[Items listed in a dataset]
^^^^^^^^^^^^^^^^

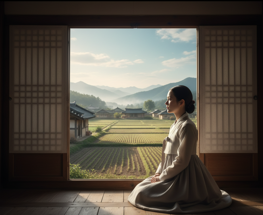 한편 서영은 안채에서 창밖을 바라보며 이곳의 평화로운 풍경을 감상하고 있었다.
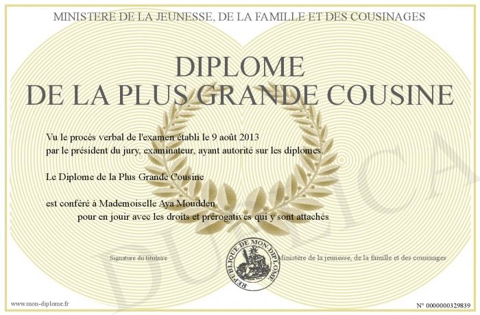Envoyez par email votre Diplôme de la Plus Grande Cousine personalisé
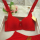 本命年大红无钢圈文胸套装秋冬新娘结婚加厚平胸聚拢调整内衣内裤
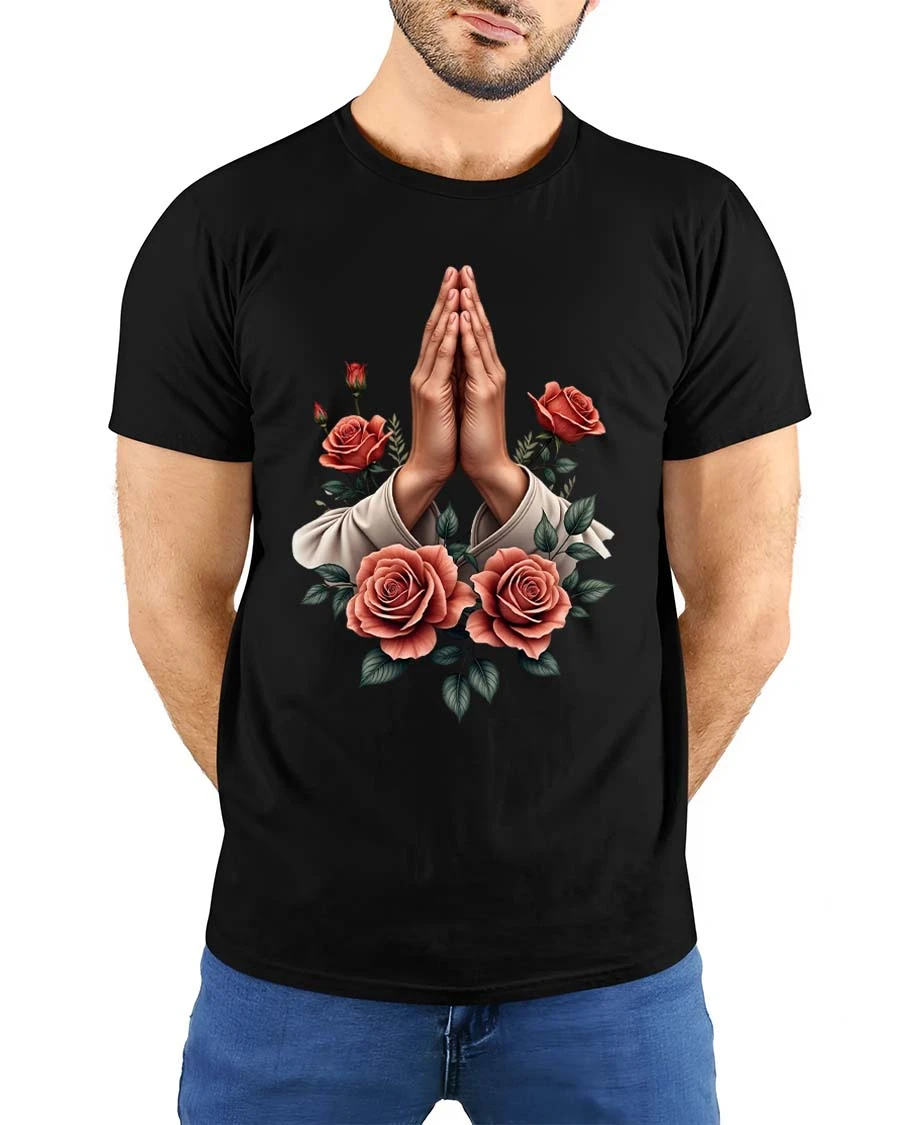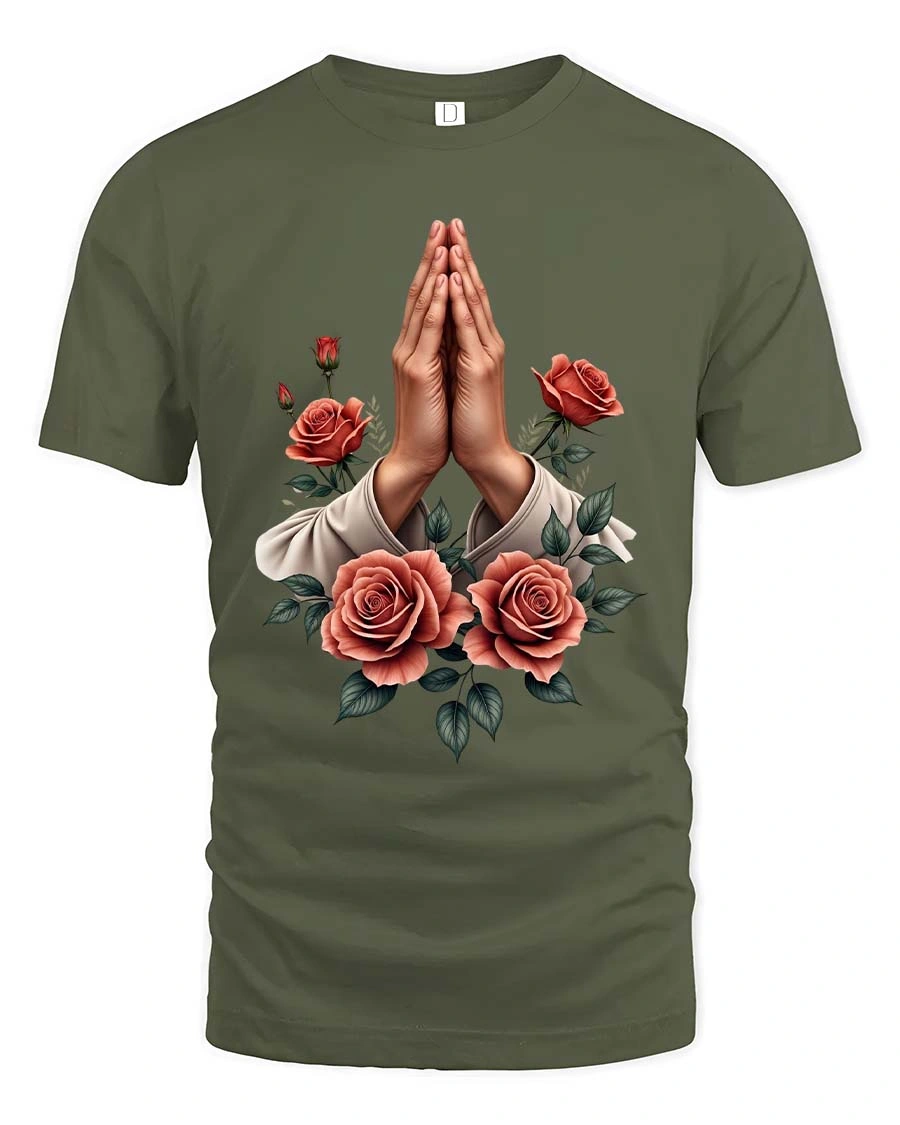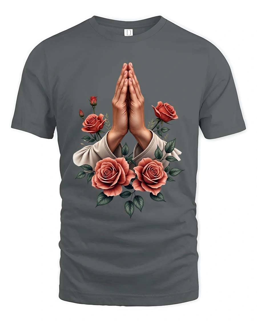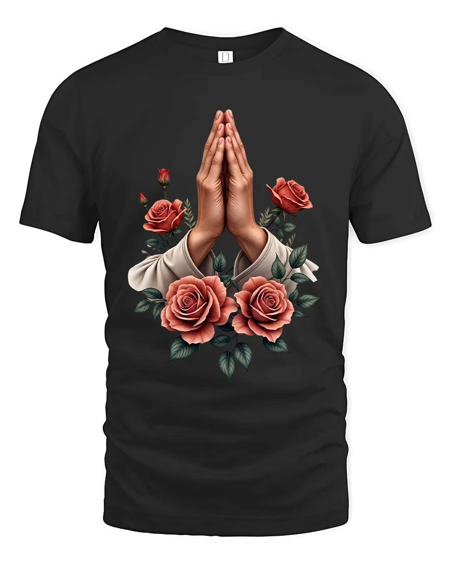 Faith Prayer Hands With Roses Spiritual Floral Graphic T Shirt features a peaceful and inspiring illustration that blends faith and natural beauty into a meaningful design.
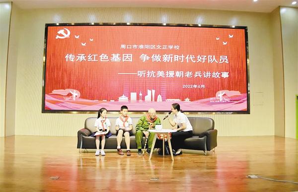 6月15日上午,“传承红色基因,争做新时代好队员——听抗美援朝老兵讲故事”活动走进淮阳文正学校。91岁的抗美援朝老兵叶保良结合自己的从军经历,为同学们讲述他在抗美援朝战争中保家卫国、艰苦奋斗的革命故事,勉励同学们感党恩、跟党走,努力学习,早日成为国家栋梁之材。记者 侯俊豫 摄
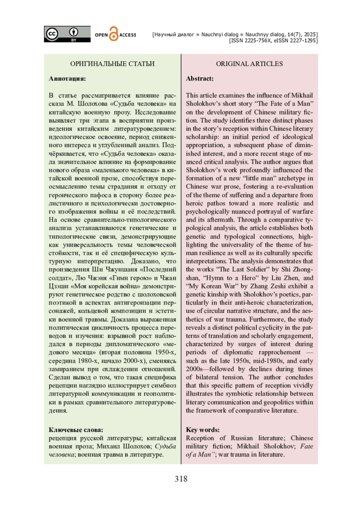 В статье рассматривается влияние рассказа М. Шолохова «Судьба человека» на китайскую военную прозу. Исследование выявляет три этапа в восприятии произведения китайским литературоведением: идеологическое освоение, период сниженного интереса и углубленный анализ. Подчёркивается, что «Судьба человека» оказала значительное влияние на формирование нового образа «маленького человека» в китайской военной прозе, способствуя переосмыслению темы страдания и отходу от героического пафоса в сторону более реалистичного и психологически достоверного изображения войны и её последствий. На основе сравнительно-типологического анализа устанавливаются генетические и типологические связи, демонстрирующие как универсальность темы человеческой стойкости, так и её специфическую культурную интерпретацию. Доказано, что произведения Ши Чжуншаня «Последний солдат», Лю Чжэня «Гимн герою» и Чжан Цзэши «Моя корейская война» демонстрируют генетическое родство с шолоховской поэтикой в аспектах антигероизации персонажей, кольцевой композиции и эстетики военной травмы. Доказана выраженная политическая цикличность процесса переводов и изучения: взрывной рост наблюдался в периоды дипломатического «медового месяца» (вторая половина 1950-х, середина 1980-х, начало 2000-х), сменяясь замиранием при охлаждении отношений. Сделан вывод о том, что такая специфика рецепции наглядно иллюстрирует симбиоз литературной коммуникации и геополитики в рамках сравнительного литературоведения.
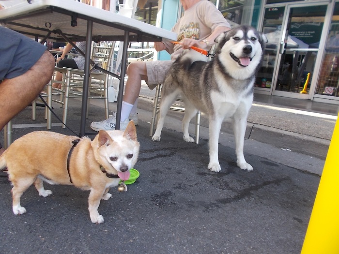 Pals Rico, left, and Diva at outdoor portion of Friday’s ‘Yappy Hour’ at ViNoVa – Below, ‘Could we have some more water in our bowls, please’ these 2 hot dogs may have been thinking; and water they got under the tent shade.
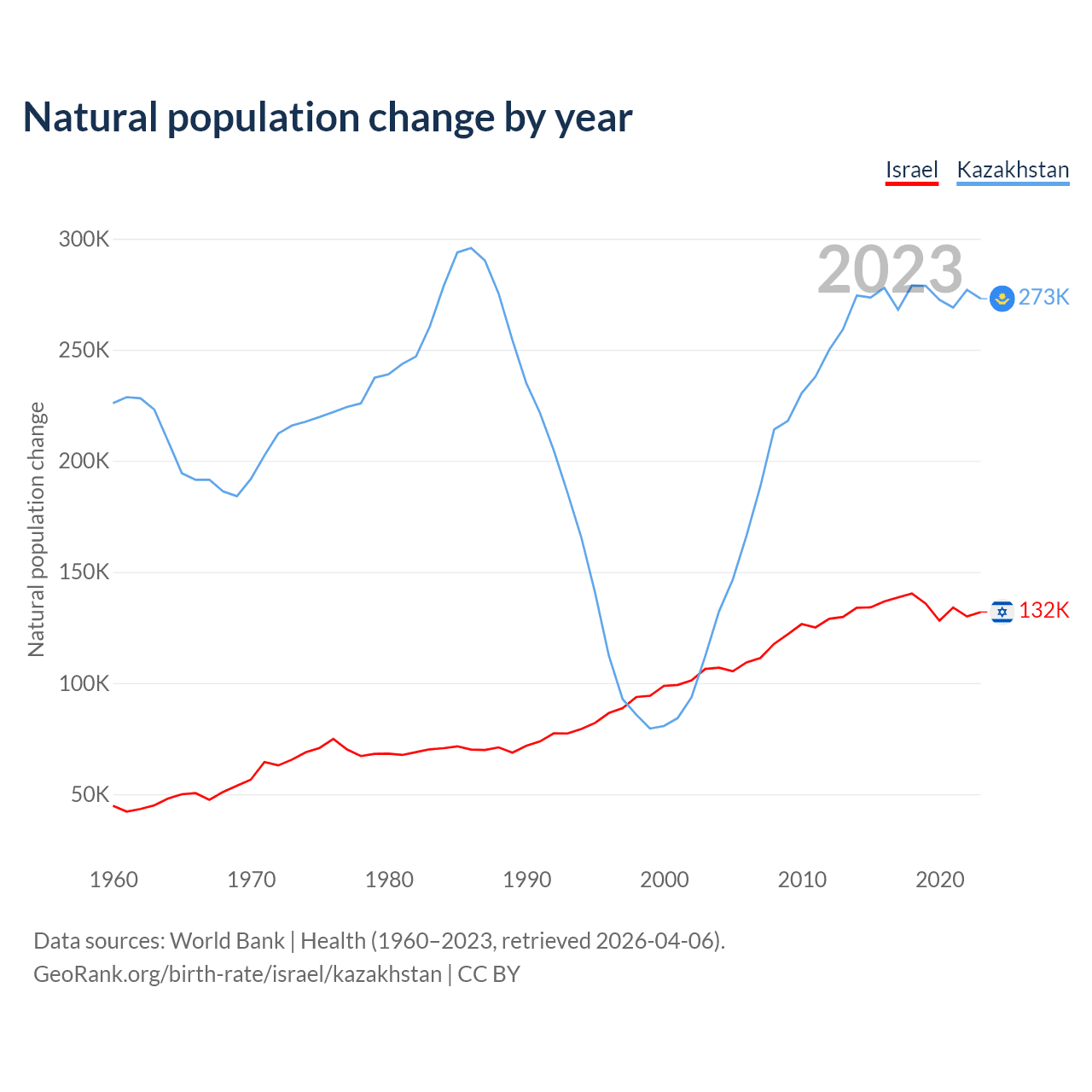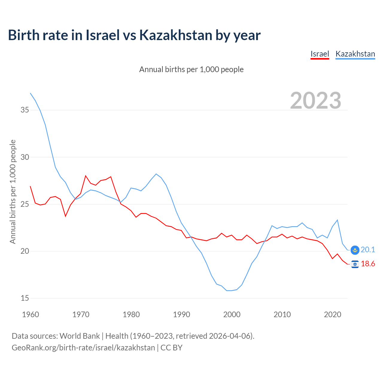 Israel has an annual birth rate of 18.6 births per 1,000 people, compared to 20.1 for Kazakhstan. The average number of children a woman is expected to have during her lifetime — the fertility rate, is 2.85 in Israel and 3.01 in Kazakhstan — 5.68% difference.
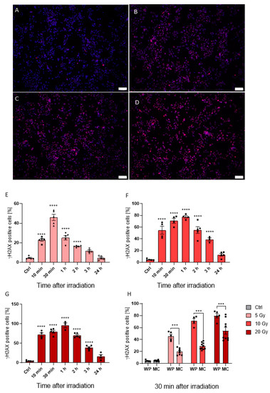 Fluorescence images of cells seeded in MCs, DAPI visualized in blue and γH2AX in red (A–D). γH2AX positive cells in control cells (A) and cells irradiated with 5 Gy (B), 10 Gy (C), and 20 Gy (D) merged with DAPI staining. Time lapse from 10 min to 24 h after irradiation of γH2AX intensity in cells irradiated with 5 Gy (E), 10 Gy (F), and 20 Gy (G). Comparison of γH2AX positive cell count seeded in MCs and 48-well plates after irradiation with 5, 10, and 20 Gy (H). Fluorescence images were acquired with a 10× objective; the white scale bar corresponds to 100 µm. Statistics were performed with one-way ANOVA (E–G) and two-way ANOVA (H) using Bonferroni for post-hoc test. n = 5, *** p < 0.001, **** p < 0.0001.
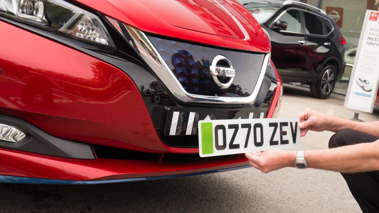 As 70-plate models are introduced at Nissan dealers, trial green numberplates have been fitted to show electric vehicle customers how they could look when they hit the road later this year.
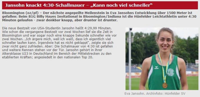 Der nächste angepeilte Meilenstein in Eva Jansohns Entwicklung über 1.500m, unter 4:30 Minuten zu laufen, ist geschafft! Zwar denkbar knapp, aber drunter ist drunter.
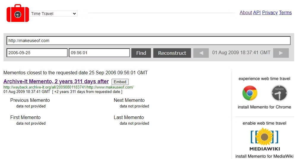 Đóng vai trò như một công cụ tổng hợp các kho lưu trữ web, Memento Time Travel cho phép bạn du hành ngược dòng ký ức và xem những trang web cũ. Memento yêu cầu bạn nhập bất kỳ URL nào và thời gian trong quá khứ.
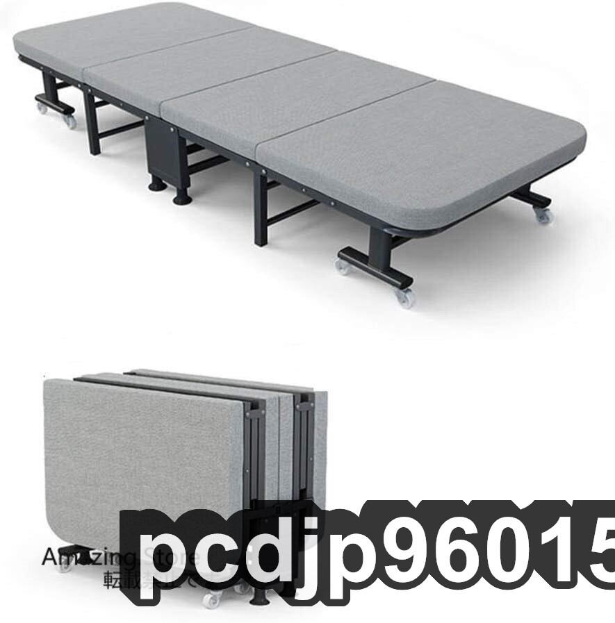 - 折りたたみベッド リクライニングベッド 組立不要 簡易ベッド マットレス一体型 四つ折り シングル 携帯便利 簡単収納【幅80cm】
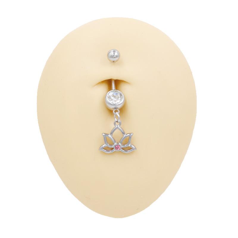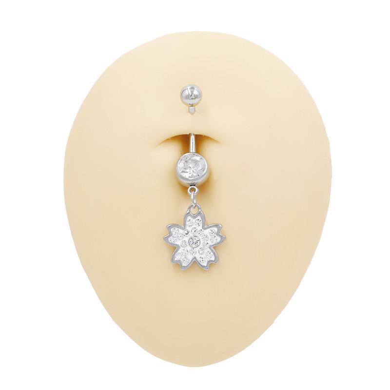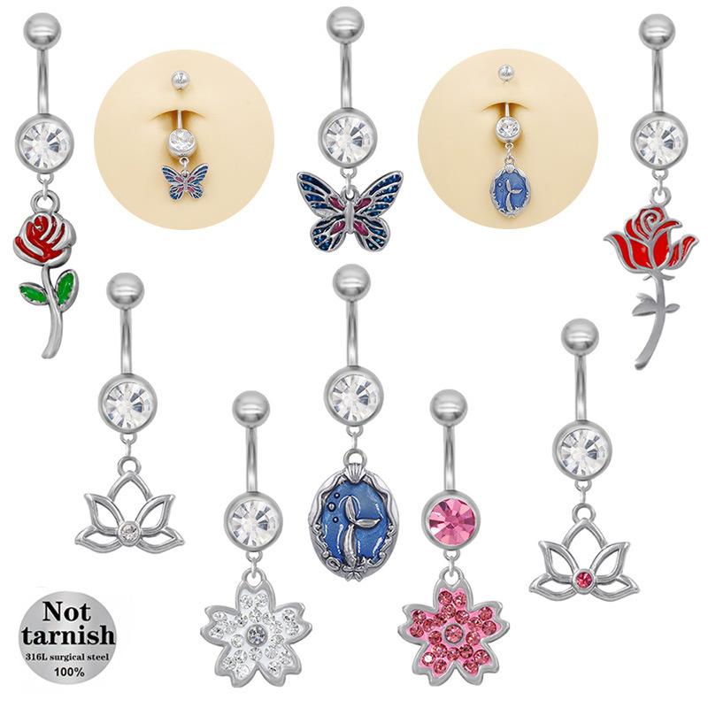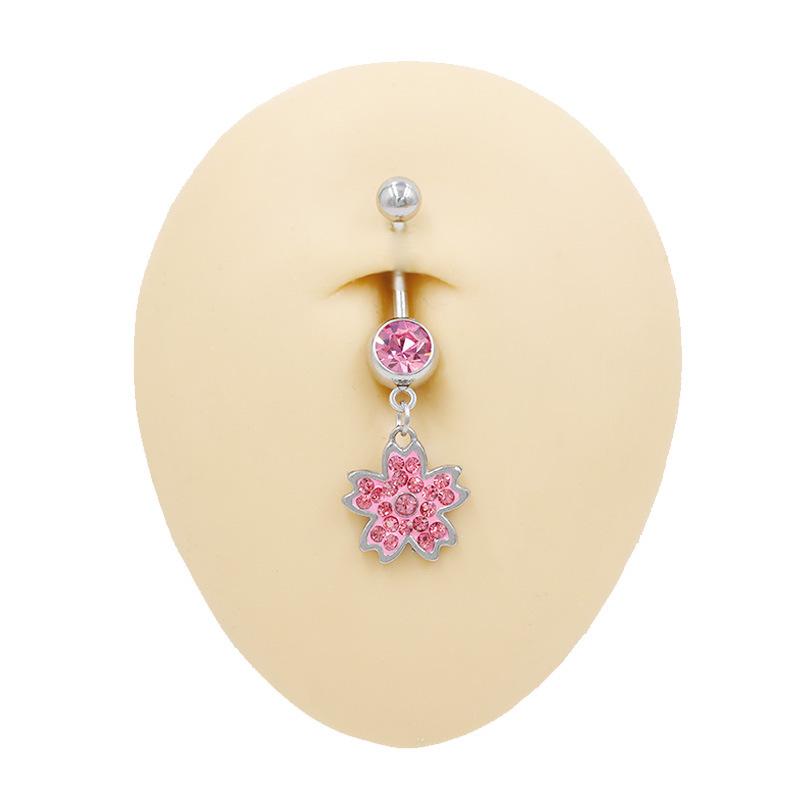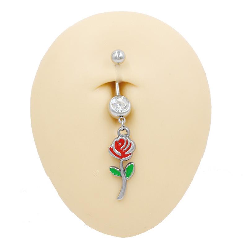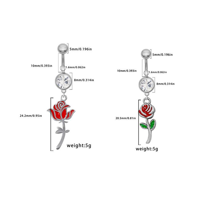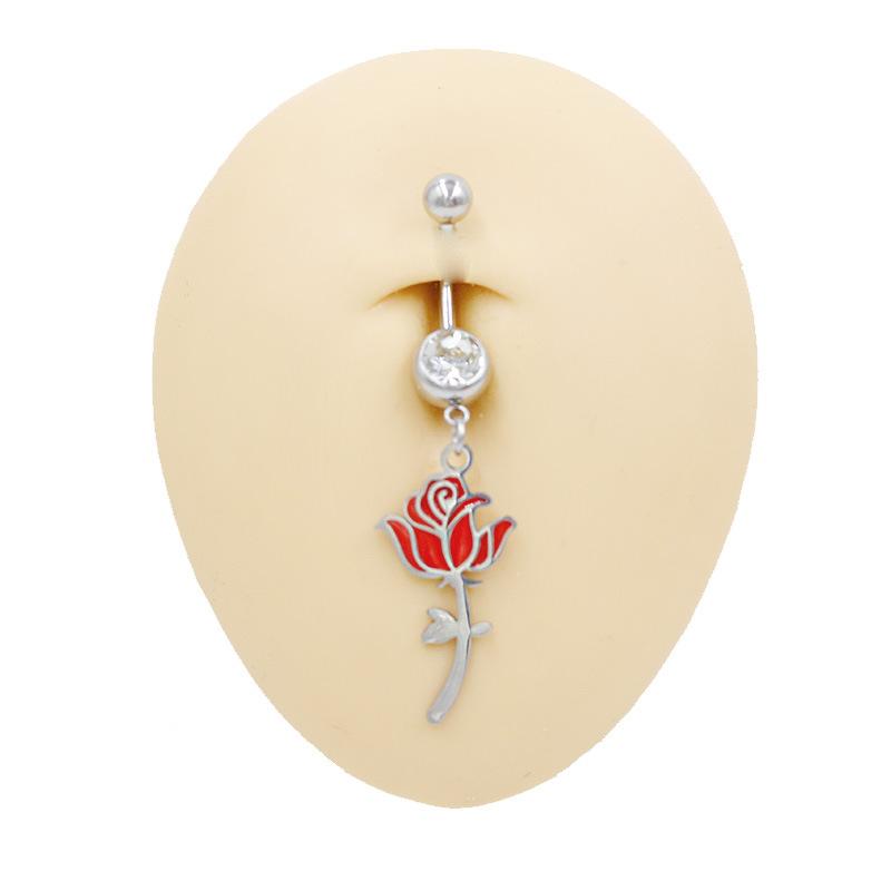 Gebe Piercing de Ombligo Europeo y Americano Transfronterizo de Acero Inoxidable con Colgante de Rosa Roja Joyería Perforante Uña para Ombligo Anillo para Ombligo

^^^^^^^^^^^^^^^^

WORK ORDER: Would you transcribe all of the data exactly, apart from its pictures?

EXERCISE OUTPUT:
 한편 서영은 안채에서 창밖을 바라보며 이곳의 평화로운 풍경을 감상하고 있었다.
Envoyez par email votre Diplôme de la Plus Grande Cousine personalisé
 本命年大红无钢圈文胸套装秋冬新娘结婚加厚平胸聚拢调整内衣内裤
 Faith Prayer Hands With Roses Spiritual Floral Graphic T Shirt features a peaceful and inspiring illustration that blends faith and natural beauty into a meaningful design.
 6月15日上午,“传承红色基因,争做新时代好队员——听抗美援朝老兵讲故事”活动走进淮阳文正学校。91岁的抗美援朝老兵叶保良结合自己的从军经历,为同学们讲述他在抗美援朝战争中保家卫国、艰苦奋斗的革命故事,勉励同学们感党恩、跟党走,努力学习,早日成为国家栋梁之材。记者 侯俊豫 摄
 В статье рассматривается влияние рассказа М. Шолохова «Судьба человека» на китайскую военную прозу. Исследование выявляет три этапа в восприятии произведения китайским литературоведением: идеологическое освоение, период сниженного интереса и углубленный анализ. Подчёркивается, что «Судьба человека» оказала значительное влияние на формирование нового образа «маленького человека» в китайской военной прозе, способствуя переосмыслению темы страдания и отходу от героического пафоса в сторону более реалистичного и психологически достоверного изображения войны и её последствий. На основе сравнительно-типологического анализа устанавливаются генетические и типологические связи, демонстрирующие как универсальность темы человеческой стойкости, так и её специфическую культурную интерпретацию. Доказано, что произведения Ши Чжуншаня «Последний солдат», Лю Чжэня «Гимн герою» и Чжан Цзэши «Моя корейская война» демонстрируют генетическое родство с шолоховской поэтикой в аспектах антигероизации персонажей, кольцевой композиции и эстетики военной травмы. Доказана выраженная политическая цикличность процесса переводов и изучения: взрывной рост наблюдался в периоды дипломатического «медового месяца» (вторая половина 1950-х, середина 1980-х, начало 2000-х), сменяясь замиранием при охлаждении отношений. Сделан вывод о том, что такая специфика рецепции наглядно иллюстрирует симбиоз литературной коммуникации и геополитики в рамках сравнительного литературоведения.
 Pals Rico, left, and Diva at outdoor portion of Friday’s ‘Yappy Hour’ at ViNoVa – Below, ‘Could we have some more water in our bowls, please’ these 2 hot dogs may have been thinking; and water they got under the tent shade.
 Israel has an annual birth rate of 18.6 births per 1,000 people, compared to 20.1 for Kazakhstan. The average number of children a woman is expected to have during her lifetime — the fertility rate, is 2.85 in Israel and 3.01 in Kazakhstan — 5.68% difference.
 Fluorescence images of cells seeded in MCs, DAPI visualized in blue and γH2AX in red (A–D). γH2AX positive cells in control cells (A) and cells irradiated with 5 Gy (B), 10 Gy (C), and 20 Gy (D) merged with DAPI staining. Time lapse from 10 min to 24 h after irradiation of γH2AX intensity in cells irradiated with 5 Gy (E), 10 Gy (F), and 20 Gy (G). Comparison of γH2AX positive cell count seeded in MCs and 48-well plates after irradiation with 5, 10, and 20 Gy (H). Fluorescence images were acquired with a 10× objective; the white scale bar corresponds to 100 µm. Statistics were performed with one-way ANOVA (E–G) and two-way ANOVA (H) using Bonferroni for post-hoc test. n = 5, *** p < 0.001, **** p < 0.0001.
 As 70-plate models are introduced at Nissan dealers, trial green numberplates have been fitted to show electric vehicle customers how they could look when they hit the road later this year.
 Der nächste angepeilte Meilenstein in Eva Jansohns Entwicklung über 1.500m, unter 4:30 Minuten zu laufen, ist geschafft! Zwar denkbar knapp, aber drunter ist drunter.
 Đóng vai trò như một công cụ tổng hợp các kho lưu trữ web, Memento Time Travel cho phép bạn du hành ngược dòng ký ức và xem những trang web cũ. Memento yêu cầu bạn nhập bất kỳ URL nào và thời gian trong quá khứ.
 - 折りたたみベッド リクライニングベッド 組立不要 簡易ベッド マットレス一体型 四つ折り シングル 携帯便利 簡単収納【幅80cm】
 Gebe Piercing de Ombligo Europeo y Americano Transfronterizo de Acero Inoxidable con Colgante de Rosa Roja Joyería Perforante Uña para Ombligo Anillo para Ombligo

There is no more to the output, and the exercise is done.